Comments to the Authors:

Please note here if the review is uploaded as an attachment.

Reviewer #1: The manuscript by Locard-Paulet et al. describes a compilation and analysis of transcriptomic and proteomic datasets to identify genes whose expression is highly correlated with cell proliferation rates. The study is straightforward. The authors queried all the available datasets and identified gene expression signatures of cell proliferation with high confidence. In a clever extension, they also used these markers to predict proliferation rates in cases/cell lines for which cell proliferation rates are unknown. Overall, the work is solid, and the datasets will be of value to researchers. However, the way the authors pitch their findings is unfortunate and, in my opinion, wrong. I do not understand why the authors recklessly undermine the significance of their work. For the reasons I will detail below, I think the manuscript ought to be re-written before publication in any journal.

MAJOR CONCERNS

1. The authors present their findings throughout the manuscript as if the genes they identified are garbage and irrelevant. They call them confounders and envision their work analogous to the CRAPome reported previously for spurious protein-protein interactions. I cannot fathom the reasons for this genuinely bizarre interpretation. Growth rate as a variable is of immense significance in itself. Innumerable omic screens are done with cell proliferation rates as the critical phenotypic output (probably most cancer-related, cell-based screens). Their own 'use case 2' makes this point, where many of their 'confounders' are validated targets implicated in cancer. For example, the earlier work they cite from just one dataset (ref 1) identified the Myc/E2F network as a major contributor to proliferation rates, which is highly physiologically relevant. There is nothing 'confounding' or 'CRAPome’-related. The authors did some nice analyses, querying multiple datasets, and coming up with gene lists that will undoubtedly help others. They should present their work as follows: First, describe their goal exactly as it is: Identify gene expression signatures associated with proliferation rates. Whether such signatures are confounders or CRAPome-related depends on each screen's purpose. Then, explain that for cases where growth rate is the point of interest, users will have a gold standard reference at their disposal. If the growth rate is not of interest (similar to their 'use case 1') as in screens looking for a drug target, their list will help eliminate indirect effects due to growth rate changes. I understand that this would require a significant re-editing of the whole manuscript, but it would cast the work in a more positive, inclusive context.

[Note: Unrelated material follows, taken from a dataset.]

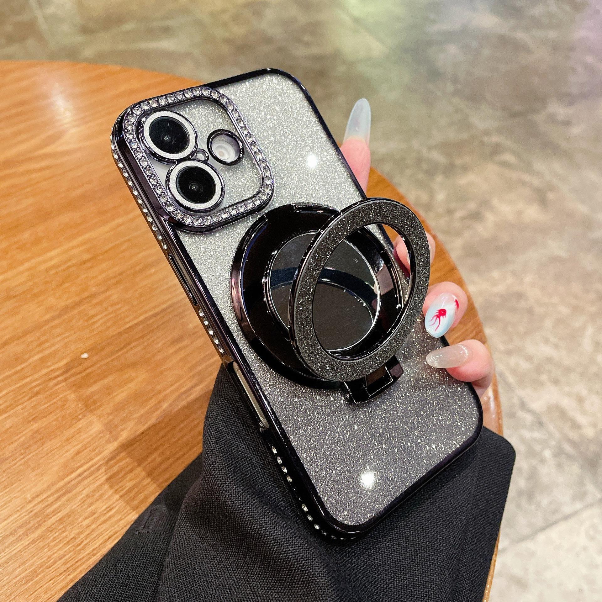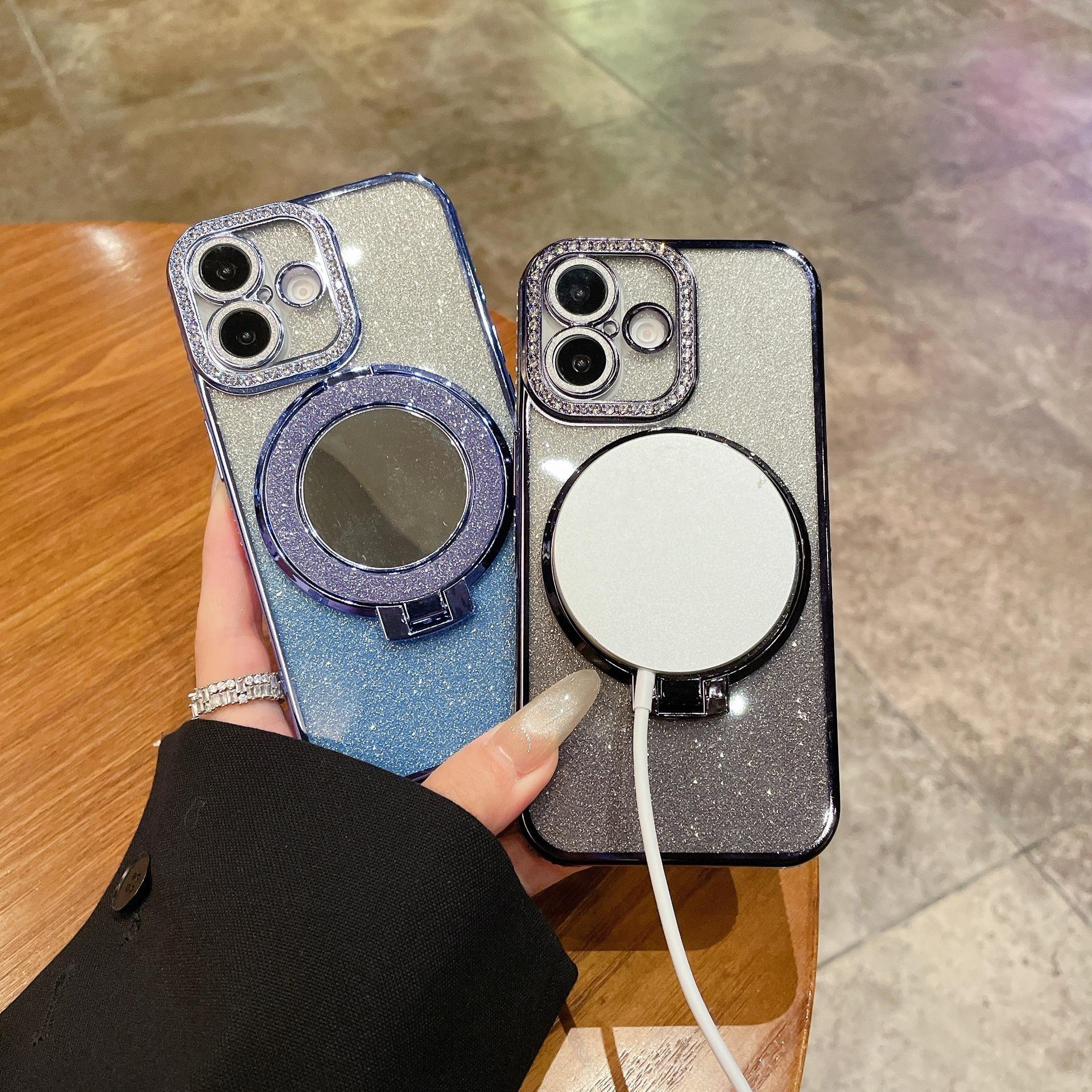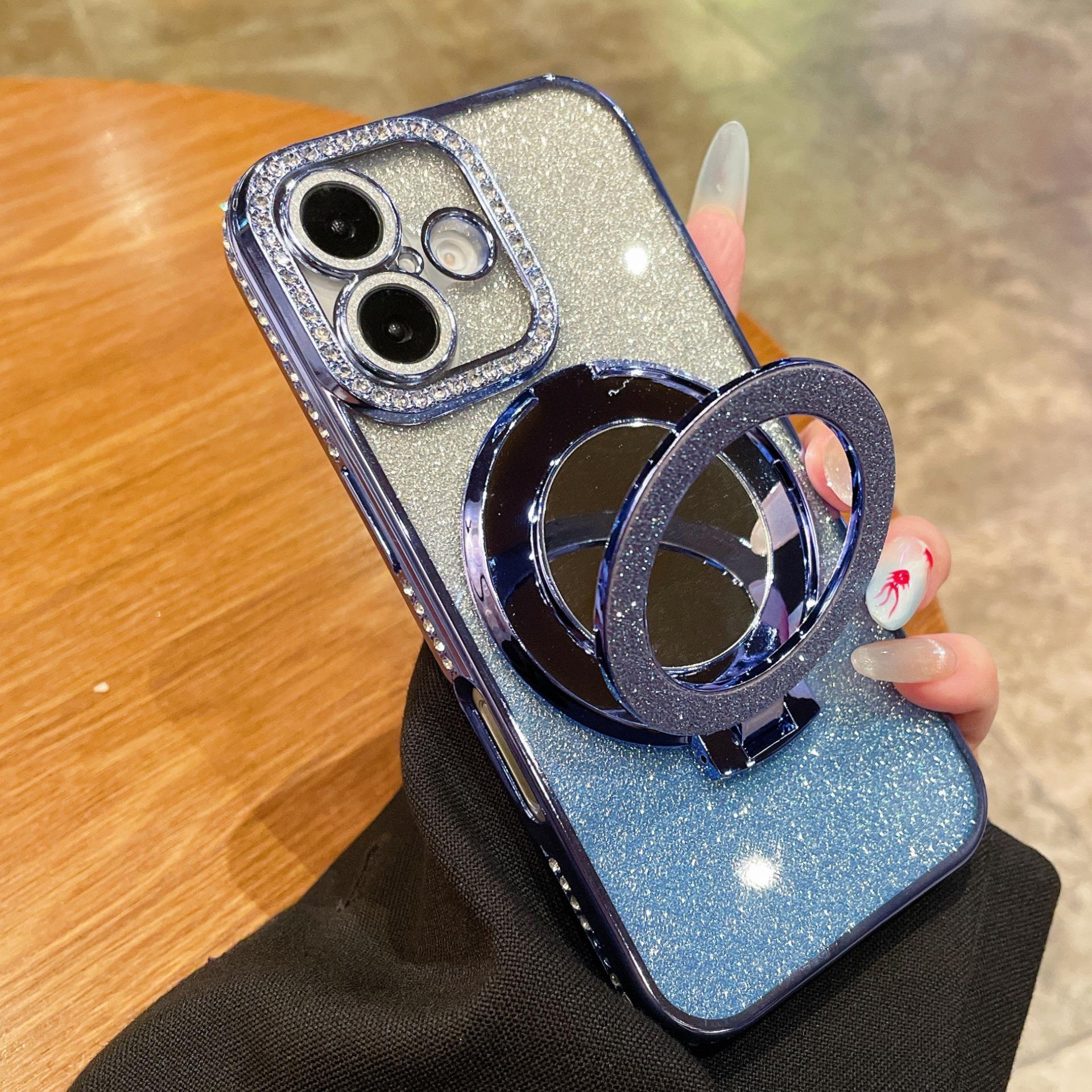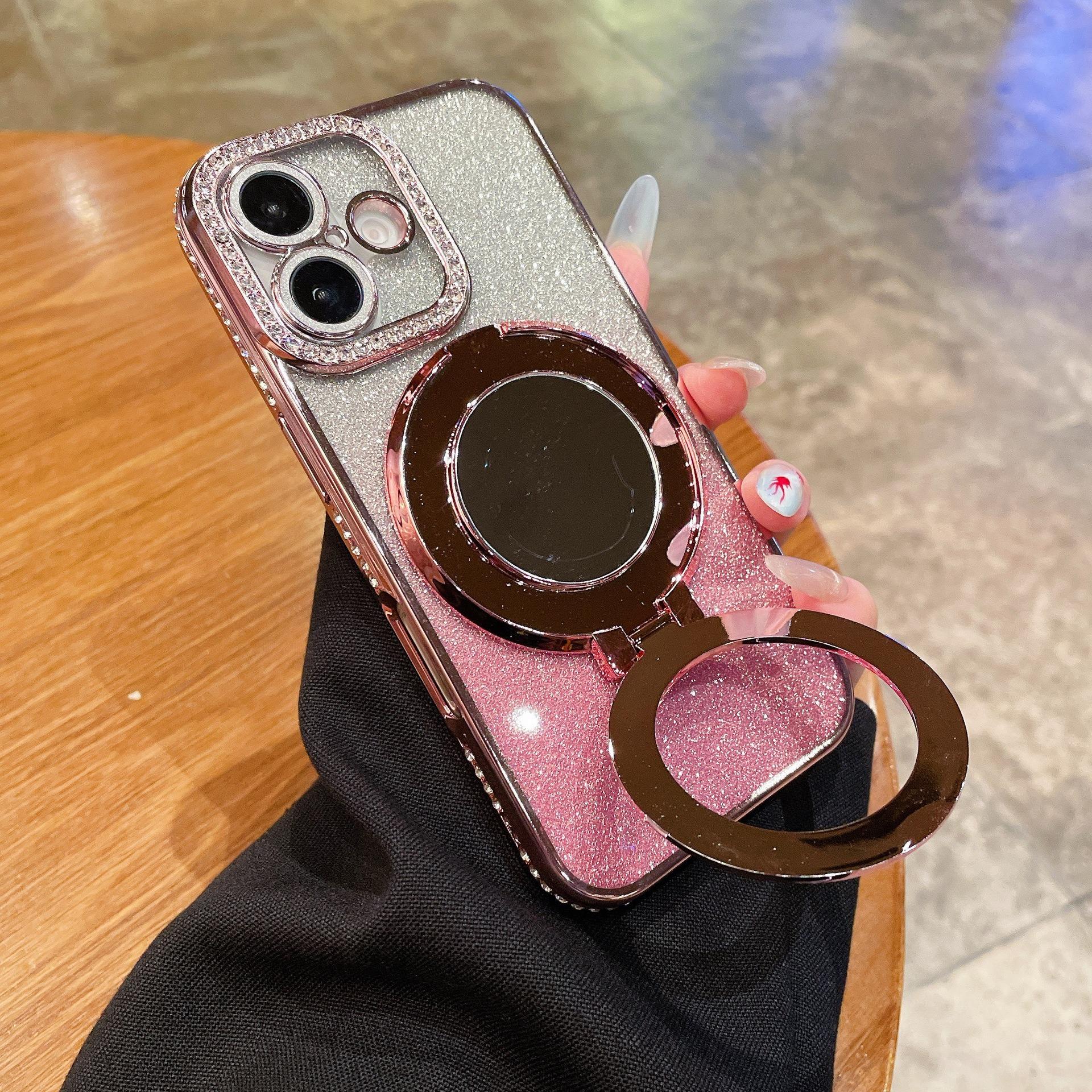 Glitter Gradient Plating Rhinestone TPU Phone Case with Mirror Kickstand For iPhone 16ProMax 15 14 13 12 Shockproof Soft Full Cover

2. I find their development of the pseudo-proliferation index very useful. However, they offer no experimental validation. The authors should measure the doubling times of some cell lines for which no data is available and see if they match their computational estimates. This is a simple experiment that should be done to test their predictions.

MINOR

Line 229: Small typo. Change Befeldin to B*r*efeldin.

Reviewer #2: Review of “Identifying the genes impacted by cell proliferation in proteomics and transcriptomics studies” by Locard-Paulet, Palasca and Juhl Jensen.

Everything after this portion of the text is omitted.